Two if by Sea. Possibly the most painful romantic comedy of the year, for those who don't find falling down, outlandish wardrobe changes, clichéd lines and faux east-coast accents the least bit charming or amusing. We hereby dub Sandra Bullock the Goldie Hawn of the '90s: just a smidgen smarter, tougher and more sophisticated than her predecessor, but apparently destined to make "Sandra Bullock movies." This time around, she tries to play the honest-but-scheming girlfriend of a sometimes-repentant petty thief (Denis Leary). The plot involves a band of bumbling thieves, a black FBI agent named O'Malley (yes, this is supposed to be funny), a grand art heist and a bunch of people pretending to be something they're not (stay tuned for the Big Lesson at the end). Along the way, we get to see Bullock looking cute during a high speed chase, Bullock looking cute in baggy clothes, Bullock looking cute while arguing with her boyfriend, Bullock looking cute while being swept off her feet by someone tall, dark and handsome, and...well, you get the picture. Sandra, baby...wake up and spit out the bubble-gum before it's too late!

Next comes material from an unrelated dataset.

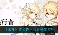 原神在2.3版本上线了全新boss黄金兽王。很多小伙伴都很想知道打黄金兽王应该用什么阵容,今天小编给大家带来了《原神》黄金兽王阵容搭配攻略。感兴趣的小伙伴一起来看看吧,希望可以帮助到大家。《原神》黄金兽王阵容搭配攻略由于黄金王兽没有类似魔偶剑鬼、若陀龙王那样的强制锁血机制,因此大致的攻克思路可以分为两种:高伤爆发队伍以及常规破盾队伍。注:下文中,E为元素战技,A为普通攻击。1、高伤爆发队伍虽然黄金王兽会开盾,但使用爆发阵容的我们只需要找准时机上好buff,通过主C的高额伤害一波将其秒杀带走即可。这类型的配队大致由3辅助+1主C构成,配队比较自由,常用的辅助角色有莫娜、枫原万叶、班尼特、九条裟罗等,常用的主C有甘雨、优菈、雷电将军、达达利亚等。注:角色推荐不限于此,只要能达成高伤爆发来跳过破盾秒杀BOSS的目标,
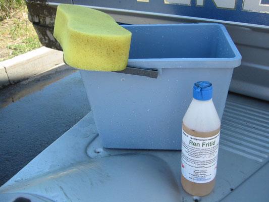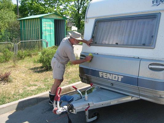 Vi skrubber lenge og må i tillegg smøre den konsentrerte væsken på, før skitten begynner å løsne. Men med étt går det lettere. Den bløte svampen fjerner skitt og vi får fronten helt ren. Ole gir samtidig også fronten på Dethleffs´n en omgang. Våre vogntog har ikke vært så rene, siden vi reiste hjemmefra.

Waiting to Exhale. The story of four African-American women looking for Mr. Right and finding, for the most part, Mr. Already Married. This movie starts out with some gleeful, man-bashing humor, then tapers out into sentimental overkill. Though the story is ostensibly about women learning to feel complete by themselves, the movie is actually obsessed with men, man-hunting, looking pretty for men, and how great it is to have a man around, if you're a woman. Angela Bassett gets stuck playing a completely unsympathetic character, while Whitney Huston is saddled with the role of the boring good girl. Loretta Devine and Lela Rochon are quite good though, and this movie gets extra bonus points for portraying affluent, African-American women in Arizona.